With this treatment, the patient’s own cells are engineered to target a specific antigen. Intended to be a “living drug” that remains in the body fighting cancer, CAR T-cell therapy is a one-time therapy. Though CAR T-cell therapy is not generally curative for patients with multiple myeloma, it can provide remission for months and sometimes years. This can free patients from the burden of receiving regular treatment. For someone who’s been on treatment continuously since 2006, that held a great deal of appeal.
The workup for CAR T-cell therapy includes a bone marrow biopsy, an echocardiogram, bone imaging, liver and kidney function tests as well as a review of the patient’s medical history. In this case, the patient was found to have adequate organ function to proceed. He had a history of limited prostate cancer years before, and that had resolved through radiation. Other than having hypertension and high cholesterol, he was in good health.
Based on this, Dr. Khouri proceeded to rapidly seek approval for the patient to proceed with CAR T-cell therapy.
Since his abnormal protein numbers continued to accelerate, the patient was administered a combination of carfilzomib, pomalidomide and dexamethasone up until two weeks prior to having his cells collected for CAR T-cell therapy. After his cells were collected and in the manufacturing process, he continued on the three-drug regimen to keep the disease in check and to help minimize the disease burden going into CAR T-cell therapy.
He then began several days of lymphodepleting chemotherapy. “The purpose of this chemotherapy is to make room for the incoming T-cells to grow in the body,” explains Dr.
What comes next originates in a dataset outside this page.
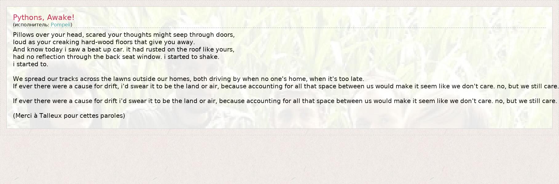 А как ты думаешь, о чем песня "Pythons, Awake!" ?

Khouri. “The patient tolerated this process well with no side effects.”
From there, the patient was admitted to the hospital in preparation for the CAR T-cell infusion. He stayed in the hospital for a week of close observation after the cells were infused. A highly specialized team of hematologists and nurses cared for the patient in the Bone Marrow Transplant unit of the Clinic for the duration of his treatment.
Fortunately, the process went very smoothly. In a certain percentage of patients, cytokine release syndrome or neurotoxicity can occur after CAR T-cell therapy, but the patient had neither. In addition, his blood counts recovered quickly, with no need for transfusions. “Roughly 60-70 percent of patients need some kind of transfusion support for the first two months after treatment,” says Dr. Khouri. “He was one of the 30-40 percent who did not need that at all.”
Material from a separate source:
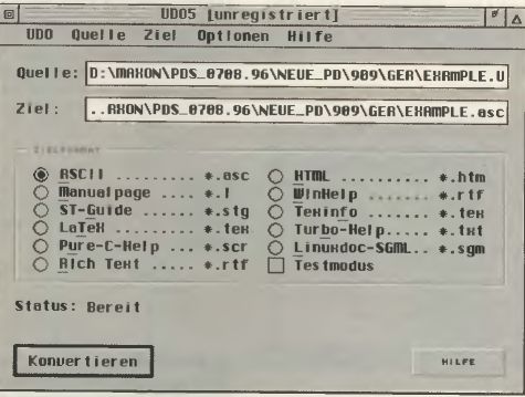 UDO steht als Abkürzung für „Universal Document“ und ist zugleich die Bezeichnung eines neuen Textformates und des zugehörigen Programms, das eben dieses UDO-Format wahlweise in eines der folgenden Formate umwandeln kann: ASCII, ST-Guide, Pure-C-Help, LaTeX 2.09 oder LaTeX2e, Rieh Text Format (RTF), Flypertext Markup Language (HTML), Manualpage, GNU-Texinfo, Windows-Help, Turbo-Vision-Help und Linuxdoc-SGML.

The care team saw the patient in the clinic weekly for the first month after hospital discharge to check his overall health as well as his blood counts. As with all patients receiving CAR T-cell therapy, he needed a 24/7 caregiver to be with him at all times for the first month after the infusion to ensure he wasn’t experiencing neurotoxicity such as confusion or seizures once he was at home. In this case, the patient’s wife fulfilled that role. His recovery went well, and he had no toxicities, infections or hospitalizations following treatment.
Blood and urine tests performed after treatment demonstrated that the patient had achieved a stringent complete response. The care team then performed minimal residual disease testing, and was thrilled to find that even for that sensitive measure, the patient was negative for identifiable cancer cells. “He achieved a very deep response from his CAR T-cell therapy, and that is a good marker for long-term outcomes,” says Dr. Khouri.
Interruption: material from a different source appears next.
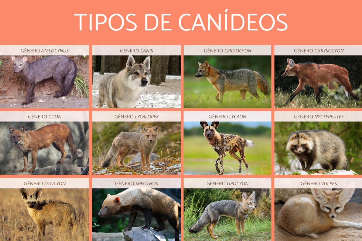 Estes animais formam um grupo diverso de diferentes gêneros, o que resulta em diferentes tipos de canídeos: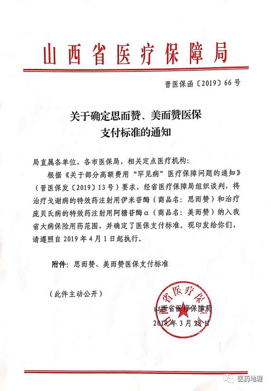 4月2日,山西省藥械集中競價(jià)采購網(wǎng)發(fā)布《關(guān)于確定思而贊、美而贊醫(yī)保支付標(biāo)準(zhǔn)的通知》,指出根據(jù)《關(guān)于部分高額費(fèi)用“罕見病”醫(yī)療保障問題的通知》(晉醫(yī)保發(fā)[2019]13號)要求,經(jīng)醫(yī)療保障局組織談判,將治療戈謝病的特效藥注射用伊米苷酶(商品名:思而贊)和治療龐貝氏病的特效藥注射用阿糖苷酶α(商品名:美爾贊)納入大病保險(xiǎn)用藥范圍,并確定了醫(yī)保支付標(biāo)準(zhǔn)。其中,思而贊(400單位/瓶)的醫(yī)保支付標(biāo)準(zhǔn)為20700元/瓶,美爾贊(50mg/支)為5306.3元/支。

The patient now has an exceptional quality of life. He is back to enjoying golf with his friends, mowing the lawn at his daughter’s house and spending time with his wife of more than 50 years. “It’s a remarkable example of the tremendous impact cellular therapy can have,” says Dr. Valent. “I can’t believe how far he’s come.”
This case study illustrates the importance of engaging a CAR T-cell team early on if myeloma is beginning to progress – and not to rule out the treatment based on a patient’s age. “If a patient’s [protein] numbers are starting to elevate, that is the time to consider seeking an assessment to determine whether CAR T-cell therapy is the right option,” says Dr. Khouri.